Microsoft Intune – centralized view of AAD groups and group members assigned to policies and applications

The Microsoft Intune admin center (https://endpoint.microsoft.com) has a lot of great features to view and manage applications and devices. However, understanding which policies and applications are assigned with which Azure Active Directory (AAD) groups requires multiple steps.

For example, if we want to view which groups are assigned to the Microsoft Teams app for Android, we need to search for and select the app, select properties, and view the assigned groups. Assignments only shows the admin which AAD groups are assigned, not the members of the group. This is ok for when there aren’t many apps or policies or group assignments, however my Intune tenant has nearly 500 applications across all platforms and when troubleshooting, clicking in and out of screens can be repetitive and time consuming.

To improve troubleshooting and to reduce the number of steps, I created a Power App that pulls in all policies and applications to a Power App. When an app or policy is selected, the app will show all the associated AAD groups and as a bonus will display all the members of a selected group.

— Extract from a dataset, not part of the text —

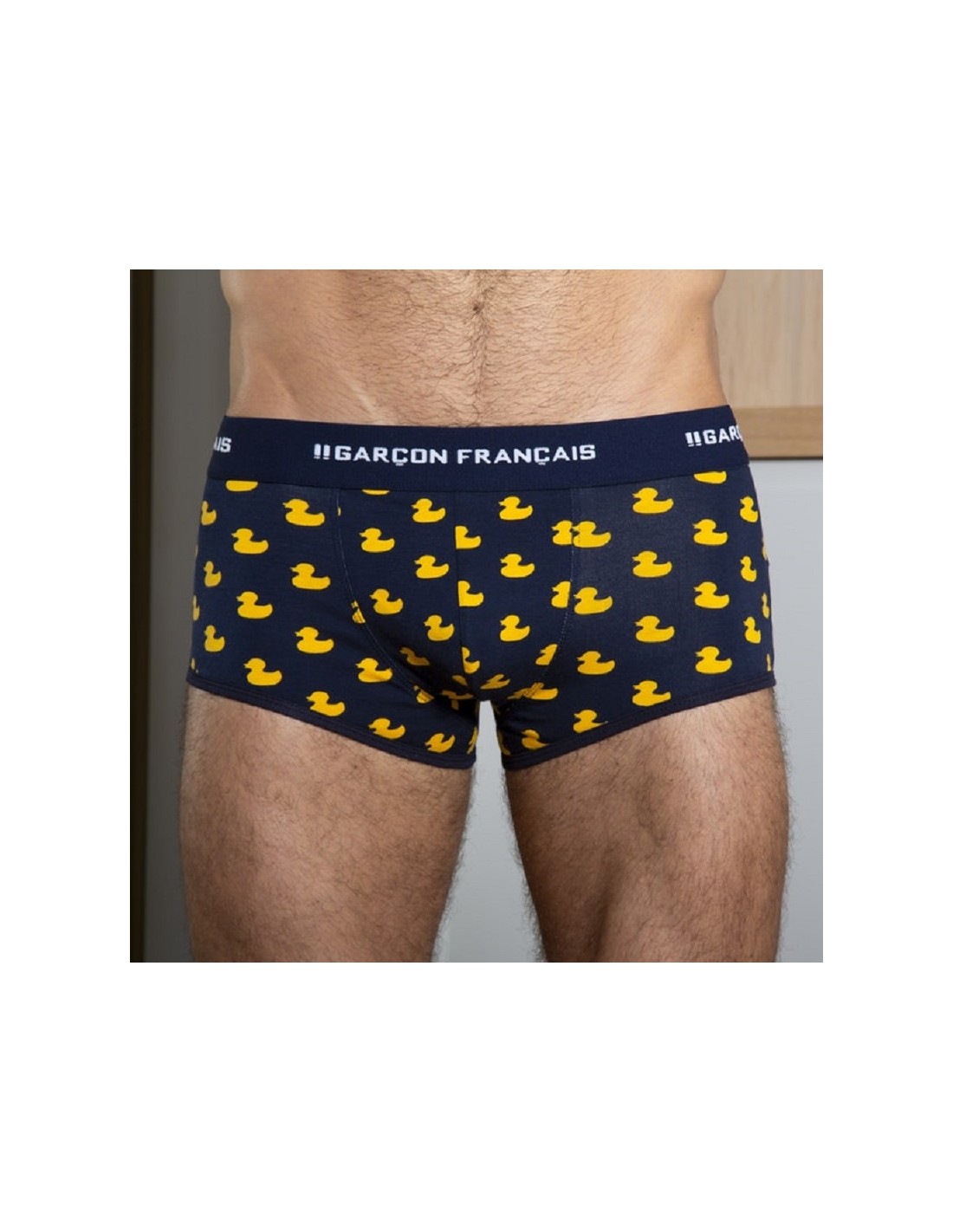 Shorty homme bleu marine canards jaunes, taille basse, coupe ajustée, fabriqué en France et en coton biologique.

I can tell you that by creating this Power App I have found a few issues with group assignments in my own tenant and I’m meticulous about policy and app assignments (naming my policies could be improved though :)).

Below is a screenshot of members of a selected AAD group for a selected configuration policy:

Note: Device IDs are blurred out

Below is a screenshot of members of a selected AAD group for a selected application:

Note: Device IDs are blurred out

Let’s get started!

Requirements:

  • Microsoft Intune
  • Microsoft Graph
  • Power Automate
  • Power Apps

For this post I’m doing something different by simplifying the content and sharing the entire solution, scrubbed of sensitive information, with you. Since I rarely share apps, I make no claims or guarantees about importing or execution or security. Feel free to download the app from GitHub, look through each file and all the JSON to understand what the app and Flows are doing.

Why am I sharing the entire app? This is a fairly large app with two screens and six Flows and many of my previous blogs can be utilized to piece this solution together. So for the sake of time and convenance to you, I’m sharing out the entire app.

Navigate to Power Apps and select Apps > Import canvas app. After import, you’ll need to update the Tenant ID and three variables in each of the six Power Automate Flows:

  • Tenant name marked with “YOURTENANT.onmicrosoft.com”
  • AAD registered App client ID marked with “AADRegistedAppClientID”
  • AAD registered App secret marked with “YourAADRegisteredAppSecret”

Note: in previous posts I embedded the tenant name, AAD clientID, and AAD secret in the HTTP get action. Breaking out to variables allows for centralized management of these attributes, however the HTTP get action still requires those attributes be filled in with the new variables.

Download the full Power App from GitHub:

https://github.com/courtenaybernier/Power-Apps-AAD-group-assignments-in-Intune

Conclusion

I hope you’ll find this useful and maybe expand on what I’ve designed here. Again, I make no claims or guarantees about importing or execution or security, utilize at your own risk. Look through all the JSON files to see what the app is doing and move forward how you desire.